Supplied material:
Content starts
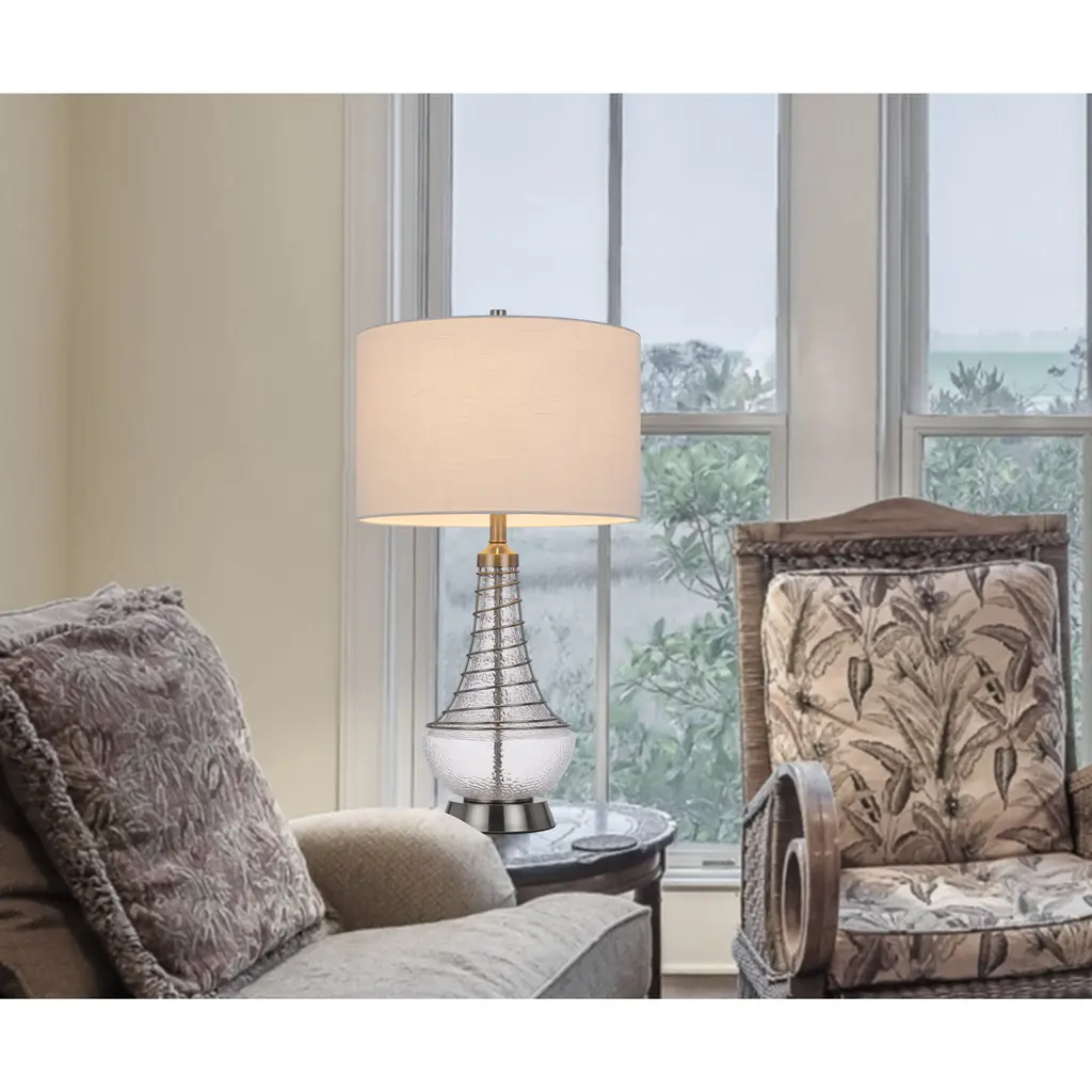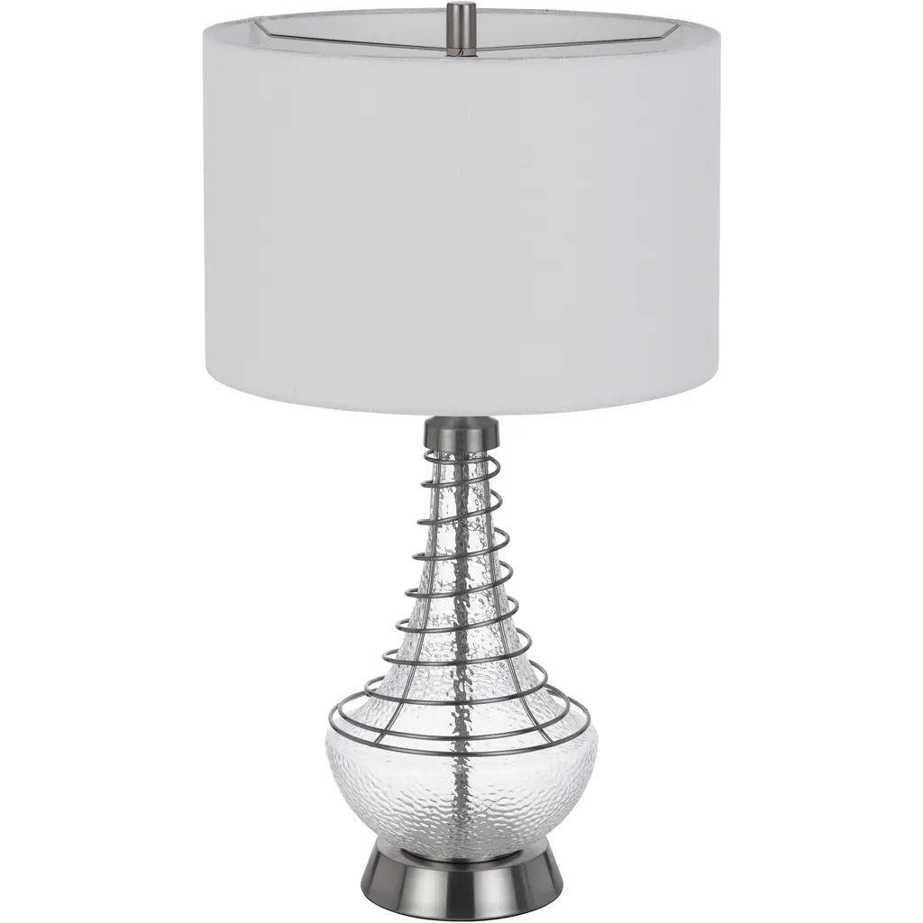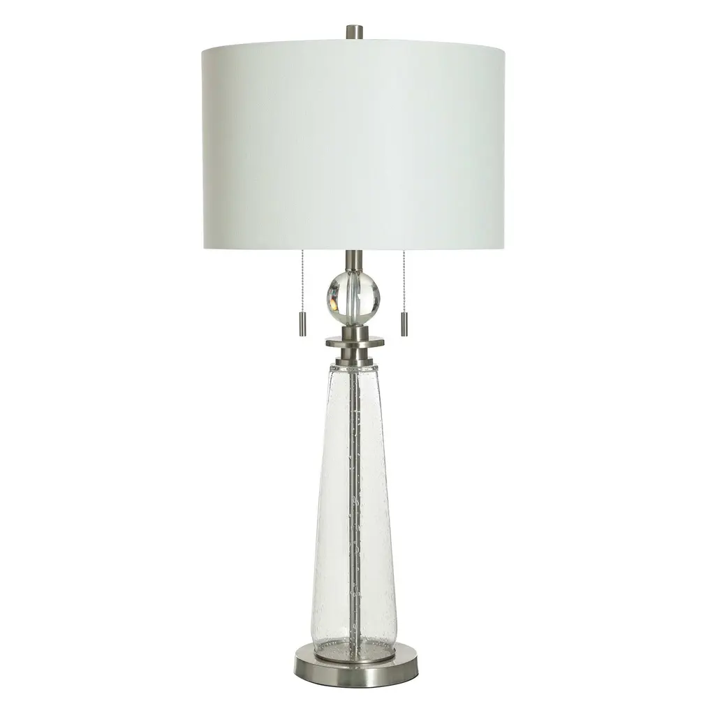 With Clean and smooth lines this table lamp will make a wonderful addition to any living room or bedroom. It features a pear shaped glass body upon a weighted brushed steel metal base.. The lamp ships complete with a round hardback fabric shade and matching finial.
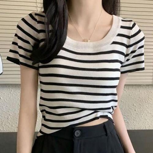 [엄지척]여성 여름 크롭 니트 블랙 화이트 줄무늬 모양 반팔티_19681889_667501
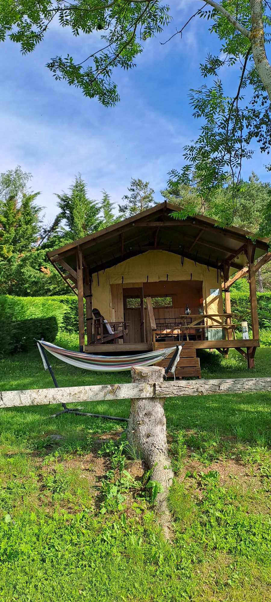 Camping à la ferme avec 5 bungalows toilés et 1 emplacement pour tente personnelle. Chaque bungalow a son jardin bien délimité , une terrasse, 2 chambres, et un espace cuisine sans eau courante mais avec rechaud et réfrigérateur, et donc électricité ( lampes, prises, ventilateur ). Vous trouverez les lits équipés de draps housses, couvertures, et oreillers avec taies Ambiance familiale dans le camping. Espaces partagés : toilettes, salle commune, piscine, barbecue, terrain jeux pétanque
Content ends
Exercise prompt: Leaving the pictures aside, transcribe the entire listing exactly.

Result of the task:
 With Clean and smooth lines this table lamp will make a wonderful addition to any living room or bedroom. It features a pear shaped glass body upon a weighted brushed steel metal base.. The lamp ships complete with a round hardback fabric shade and matching finial.
 [엄지척]여성 여름 크롭 니트 블랙 화이트 줄무늬 모양 반팔티_19681889_667501
 Camping à la ferme avec 5 bungalows toilés et 1 emplacement pour tente personnelle. Chaque bungalow a son jardin bien délimité , une terrasse, 2 chambres, et un espace cuisine sans eau courante mais avec rechaud et réfrigérateur, et donc électricité ( lampes, prises, ventilateur ). Vous trouverez les lits équipés de draps housses, couvertures, et oreillers avec taies Ambiance familiale dans le camping. Espaces partagés : toilettes, salle commune, piscine, barbecue, terrain jeux pétanque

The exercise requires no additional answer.